Editor's note: Through its George Melendez Wright Climate Change Interns and Fellows program, the National Park Service enables university students to visit national parks to investigate issues related to climate change. Here are two of the studies being investigated by students. Thanks to the Park Service's Climate Change Response Program for making the profiles available.
Natural Resource Education in a Cultural Park
During her internship at Manassas National Battlefield Park, Bridgette Rivers worked to develop natural resource education in a park that traditionally focused education around the historical and cultural aspects of the area. She worked with Natural Resource Program Manager Bryan Gorsira to develop interpretive programs that could be run with minimal park support well after her internship ended.
One such program was a free cell phone tour, launched September 29, which allows visitors to dial into 14 different stops along the Stone Bridge Loop trail.
Each stop gives the listener natural resource information related to climate change and tailored to their location, and there are separate tours for children and adults in English and Spanish.
Another project Ms. Rivers is continuing to work on is a Junior Ranger booklet specifically focused on environmental education. Along with other parks in the District of Columbia area, Bridgette is working with the Blue Ridge Parkway Foundation’s Kids in Parks program to put in a kidfriendly Track Trail at Manassas, due to launch this winter.
In addition, website enhancement and partnering with local community members rounded out the projects she completed at Manassas.
Bridgette is a second year geography master’s student at Virginia Tech and aims to continue working with the NPS in the future.
Surveying Pools on the Big Island of Hawaii
Lisa Marrack spent the summer hiking through lava fields on the arid west coast of the Big Island of Hawaii surveying biotic and abiotic features at 195 brackish anchialine pools, some of which have never been mapped before.

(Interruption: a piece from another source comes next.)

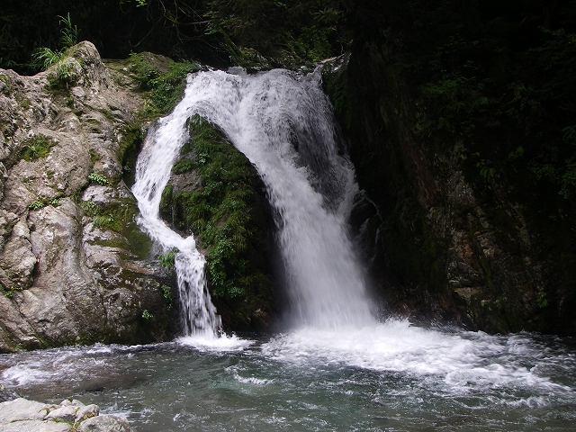 8mが巨岩が重なり大きな洞窟に落ちるように見え、なかなか見ごたえの有る滝です。

This doubles the number of pools previously surveyed by the NPS. These groundwater fed pools stretch throughout the 175-mile Ala Kahakai National Historic Trail (ALKA) coastal corridor which includes Hawaii Volcanoes, Kaloko-Honokōhau, and Pu`uhonua O Hōnaunau.
Anchialine pools support endemic invertebrate communities, are important Hawaiian cultural resources, and face multiple threats (ie. sea level rise, introduced species, land-use practices). Ms. Marrack is using the field data along with spatial modeling techniques to predict: 1) resources that will be lost due to inundation; 2) resources that will be threatened by invasive fish dispersal as sea levels rise; and 3) future locations of high quality habitat.
Her ultimate goal is to share the results with private and public land managers along the ALKA corridor to target conservation actions and planning so this unique ecosystem will persist as sea levels rise.